Analyse RIS files

Reference managers like Endnote, Refworks or Zotero often allow you to export your bibliographic citations as a RIS file. You can import these into things like Talis Aspire Reading Lists.

The script below will look in the current directory for RIS files and analyse their contents.

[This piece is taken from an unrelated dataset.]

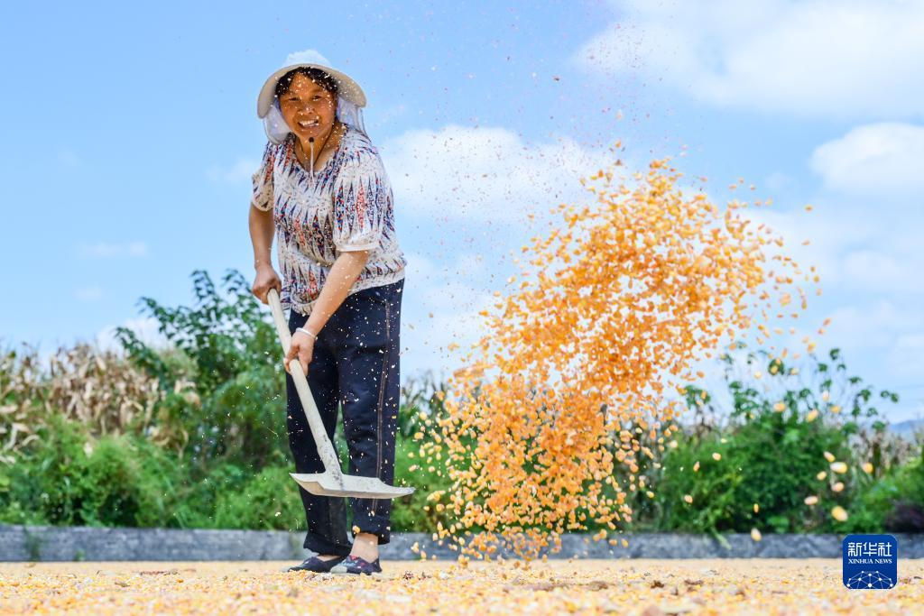 9月5日,村民在贵州省毕节市百里杜鹃管理区中塘村广场晾晒农作物。

We are looking to see what types they have and how many of them have some sort of identifier that can be used to find better bibliographic data from some other source.


while IFS= read -r -d '' file
	echo -n "#=== "
	printf '%q\n' "$file"
	egrep "^TY" "$file" | sort | uniq -c 
	typeCount=$(egrep "^TY" "$file" | wc -l)
	snCount=$(egrep "^SN" "$file" | wc -l)
	echo $(($snCount*100/$typeCount))"% of records have an SN ("$snCount" of "$typeCount")"
done < <(find . \( -name "*.ris" -o -name "*.txt" \) -print0 )

Sample output:

#=== ./PMUP00DNMod3.txt
  17 TY  - CHAP
   4 TY  - JOUR
80% of records have an SN ( 17 of  21)

#=== ./PMUP00DNMod4.txt
  11 TY  - CHAP
  10 TY  - JOUR
95% of records have an SN ( 20 of  21)